TASK INPUTS:
....
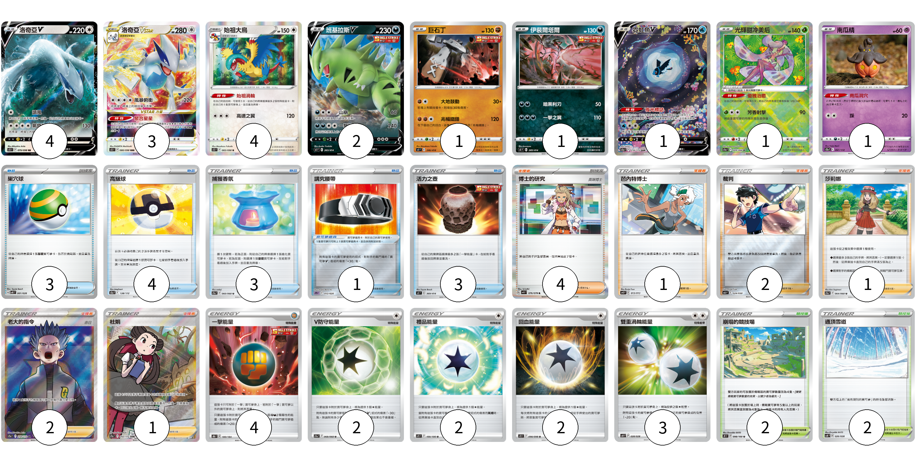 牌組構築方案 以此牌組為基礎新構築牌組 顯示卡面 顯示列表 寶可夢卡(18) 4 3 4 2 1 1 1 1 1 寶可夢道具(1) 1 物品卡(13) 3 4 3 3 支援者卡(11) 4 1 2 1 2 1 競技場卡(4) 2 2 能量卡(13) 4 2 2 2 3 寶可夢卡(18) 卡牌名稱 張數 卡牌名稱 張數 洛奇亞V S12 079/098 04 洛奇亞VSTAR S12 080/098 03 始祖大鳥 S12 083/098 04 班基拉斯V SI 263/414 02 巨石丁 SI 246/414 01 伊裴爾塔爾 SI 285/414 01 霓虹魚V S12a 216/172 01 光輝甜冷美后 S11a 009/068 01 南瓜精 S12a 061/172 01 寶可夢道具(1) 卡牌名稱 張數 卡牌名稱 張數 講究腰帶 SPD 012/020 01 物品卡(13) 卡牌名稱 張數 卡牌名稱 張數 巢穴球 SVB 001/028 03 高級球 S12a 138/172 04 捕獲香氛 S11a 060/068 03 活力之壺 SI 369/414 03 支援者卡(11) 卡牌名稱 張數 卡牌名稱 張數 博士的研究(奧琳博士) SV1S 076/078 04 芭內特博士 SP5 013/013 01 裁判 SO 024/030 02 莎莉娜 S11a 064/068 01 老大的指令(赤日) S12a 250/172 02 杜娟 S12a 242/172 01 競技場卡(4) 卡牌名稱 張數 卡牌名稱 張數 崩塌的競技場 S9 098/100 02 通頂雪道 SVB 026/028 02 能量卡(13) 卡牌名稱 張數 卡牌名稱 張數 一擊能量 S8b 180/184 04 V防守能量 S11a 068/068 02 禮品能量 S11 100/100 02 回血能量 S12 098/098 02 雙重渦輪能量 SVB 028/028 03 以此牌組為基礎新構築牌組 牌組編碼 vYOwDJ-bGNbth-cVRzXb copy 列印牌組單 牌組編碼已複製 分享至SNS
....
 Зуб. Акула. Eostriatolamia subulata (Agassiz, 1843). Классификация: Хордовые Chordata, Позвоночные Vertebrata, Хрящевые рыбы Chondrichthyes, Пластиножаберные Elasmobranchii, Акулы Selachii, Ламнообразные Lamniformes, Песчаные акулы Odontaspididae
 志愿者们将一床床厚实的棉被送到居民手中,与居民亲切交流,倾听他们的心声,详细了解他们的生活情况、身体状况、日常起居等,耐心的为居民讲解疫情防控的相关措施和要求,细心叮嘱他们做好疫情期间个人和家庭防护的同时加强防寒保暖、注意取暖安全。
....
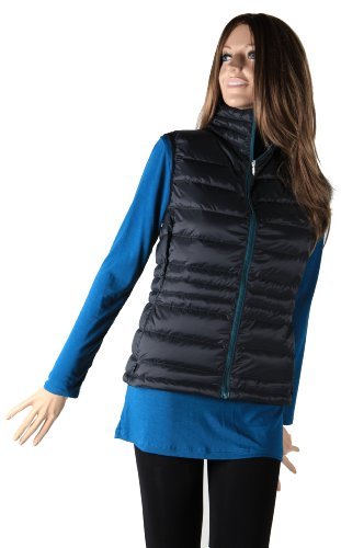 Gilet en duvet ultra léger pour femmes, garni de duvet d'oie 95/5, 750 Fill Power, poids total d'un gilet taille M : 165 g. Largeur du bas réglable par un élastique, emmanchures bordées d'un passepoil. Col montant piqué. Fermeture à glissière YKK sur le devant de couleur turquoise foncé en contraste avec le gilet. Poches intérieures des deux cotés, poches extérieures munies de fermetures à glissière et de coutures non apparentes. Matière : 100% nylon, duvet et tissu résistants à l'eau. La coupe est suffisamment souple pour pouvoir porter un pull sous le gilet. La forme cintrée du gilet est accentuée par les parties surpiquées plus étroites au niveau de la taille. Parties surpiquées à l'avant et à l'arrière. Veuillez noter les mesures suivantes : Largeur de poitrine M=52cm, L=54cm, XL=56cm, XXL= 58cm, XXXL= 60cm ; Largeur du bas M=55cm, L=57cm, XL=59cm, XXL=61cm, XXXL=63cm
....
ABOUT THIS EXERCISE:
Starting at the line above that contains "Зуб. Акула. Eostriatolamia", repeat each line exactly up to and including the line that contains "志愿者们将一床床厚实的棉被送", and stop there.

RESPONSE:
 Зуб. Акула. Eostriatolamia subulata (Agassiz, 1843). Классификация: Хордовые Chordata, Позвоночные Vertebrata, Хрящевые рыбы Chondrichthyes, Пластиножаберные Elasmobranchii, Акулы Selachii, Ламнообразные Lamniformes, Песчаные акулы Odontaspididae
 志愿者们将一床床厚实的棉被送到居民手中,与居民亲切交流,倾听他们的心声,详细了解他们的生活情况、身体状况、日常起居等,耐心的为居民讲解疫情防控的相关措施和要求,细心叮嘱他们做好疫情期间个人和家庭防护的同时加强防寒保暖、注意取暖安全。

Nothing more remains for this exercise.